Not Created Equal

Posted

Yesterday’s post pointed out that it can be hard to distinguish cause and effect from random variation. One way to tell them apart is to vary the simulation parameters systematically to see when various phenomena appear and disappear. For example, suppose we modify the simulation to account for the fact that not all tasks are created equal. Some bugs and features have higher priority than others, and our team will generally work on more important items before they work on less important ones.

Alongside the Store we have been using to model our work queue, SimPy offers a PriorityStore that keeps items sorted in priority order. (The lower the item’s score, the higher its priority.) Let’s modify the Simulation class to make the development and testing queues priority stores:

class Simulation:

    def __init__(self, params):
        self.params = params
        self.env = simpy.Environment()
        self.dev_queue = simpy.PriorityStore(self.env)
        self.test_queue = simpy.PriorityStore(self.env)
        self.queue_log = []

and then add a new parameter task_priorities whose value is a list of probabilities:

PARAMS = {
    previous code
    "task_priorities": [0.1, 0.3, 0.6],
}

The list shown above tells us that there’s a 10% chance of a new task having priority 0, a 30% chance of it having priority 1, and a 60% chance of it having priority 2. When we create a task, we assign it a priority at random with these weights:

    def task_priority(self):
        return random.choices(
            list(range(len(self.params["task_priorities"]))),
            weights=self.params["task_priorities"],
            k=1
        )[0]

(We need the [0] at the end because random.choices always returns a list of choices, even when we tell it we only want one value.) Finally, when we’re adding a new task to the development queue we wrap it in a PriorityItem to pair the task with its priority:

    def generate(sim):

        while True:
            yield sim.timeout(sim.task_arrival())
            task = Task(sim)
            yield sim.dev_queue.put(simpy.PriorityItem(task["priority"], task))
10/30/60
Queue lengths: 10/30/60
30/30/40
Queue lengths: 30/30/40
40/30/30
Queue lengths: 40/30/30
40/40/20
Queue lengths: 40/40/20

The top (green) line in these four charts is the number of priority-2 tasks waiting in the development queue. It grows steadily because developers are basically busy at all times with higher-priority tasks; it’s only when 80% or more of tasks are higher priority that we start to see a backlog of priority-1 tasks build up. I don’t know if I expected this or not, but I certainly didn’t expect that the testers would always be able to keep up with tasks of all priorities.

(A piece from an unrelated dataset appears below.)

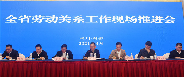 4月9日全省劳动关系工作现场推进会在成都市新都区召开,对2021年全省和谐劳动关系工作进行部署

These curves look familiar to me. In my previous role at Plotly, I was responsible for managing the backlog of bug reports and feature requests for the open source libraries. When I started in April 2025, nobody had gone through them for several years; over that summer, I cleared out enough stale and duplicated items to get the three main repositories from about 7000 issues down to about 1700. I then watched as the number grew slowly but steadily over the next twelve months. Everyone on the team was working hard, but if your library, tool, or application is useful, there will always be more work to do than people to do it. The only “solution” is to be ruthless about labeling so that you don’t get demoralized.